Eigenvalue bound for quadratic maximization with linear constraint

The following analysis explores various approaches to the problem, but ultimately fails to produce a satisfactory solution.

One of the constraints can be rewritten using the nullspace projector of $b$ $$\eqalign{ P &= \Big(I-(b^T)^+b^T\Big) = \left(I-\frac{bb^T}{b^Tb}\right) \;=\; I-\beta bb^T \\ Pb &= 0,\qquad P^2=P=P^T \\ }$$ and the introduction of an unconstrained vector $y$ $$\eqalign{ b^Tx &= a \\ x &= Py + (b^T)^+a \\ &= Py + a\beta b \\ &= Py + \alpha_0 b \\ }$$ The remaining constraint can be absorbed into the definition of the objective function itself $$\eqalign{ \lambda &= \frac{x^TBx}{x^Tx} \;=\; \frac{y^TPBPy +2\alpha_0y^TPBb +\alpha_0^2\,b^TBb}{y^TPy +\alpha_0^2\,b^Tb} \;=\; \frac{\theta_1}{\theta_2} \tag{0} \\ }$$ The gradient can be calculated by a straightforward (if tedious) application of the quotient rule as $$\eqalign{ \frac{\partial\lambda}{\partial y} &= \frac{2\theta_2(PBPy +\alpha_0PBb)-2\theta_1Py} {\theta_2^2} \\ }$$ Setting the gradient to zero yields $${ PBPy +\alpha_0PBb = \lambda Py \tag{1} \\ }$$ which can be rearranged into a generalized eigenvalue equation. $$\eqalign{ PB\left(Py+\alpha_0b\right) &= \lambda Py \\ PBx &= \lambda Px \tag{2} \\ }$$ Note that multiplying the standard eigenvalue equation $$\eqalign{ Bx &= \lambda x \tag{3} \\ }$$ by $P$ reproduces equation $({2})$. So both standard and generalized eigenvalues are potential solutions.

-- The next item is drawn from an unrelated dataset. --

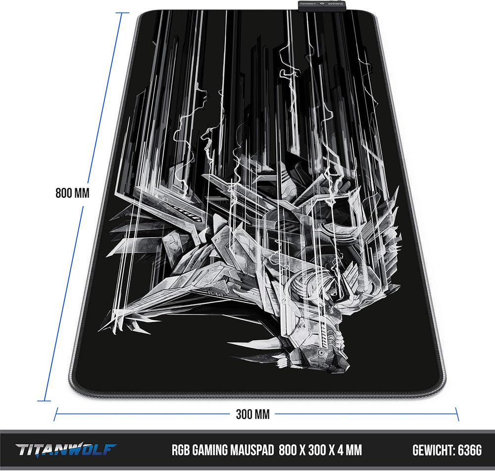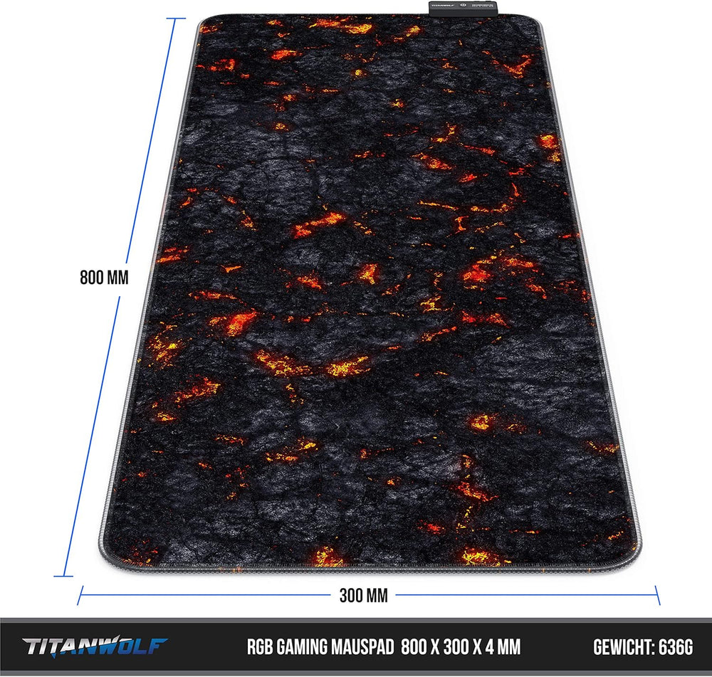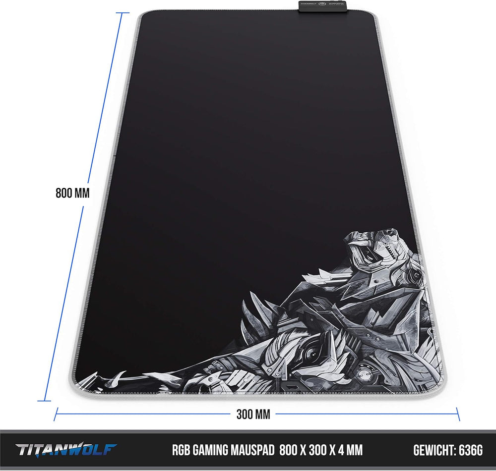 TITANWOLF - RGB Gaming Mauspad - LED Schreibtischunterlage - 900x400 mm Übergrösse - XXL Mousepad -

Unlike the discrete $\lambda$ values yielded by the eigenvalue methods, equation $({1})$ is solvable for a continuous range of $\lambda$
$$\eqalign{ y &= \alpha_0(\lambda P-PBP)^+PBb \\ }$$ and produces a $y$ vector which satisfies the zero gradient condition $({1})$.

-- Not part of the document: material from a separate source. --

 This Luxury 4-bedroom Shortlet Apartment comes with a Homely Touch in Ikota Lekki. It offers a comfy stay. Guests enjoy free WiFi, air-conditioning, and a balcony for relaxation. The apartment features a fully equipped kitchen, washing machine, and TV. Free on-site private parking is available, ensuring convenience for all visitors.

Unfortunately, none of these approaches yields a solution which satisfies all of the constraints.

But solving equation $(0)$ for an optimal $y$ vector is still the appropriate goal, and requires a numerical rather than an analytical approach.


I don't think the conjecture is correct. For a counter example, take $B=\begin{pmatrix} 1&0&0 \\0&1&0 \\ 0&0&\varepsilon \end{pmatrix}$ and $b=\begin{pmatrix}0\\ 0\\ 1\end{pmatrix}$. Then the desired maximum is $(1-a^2)+a^2\varepsilon < 1$.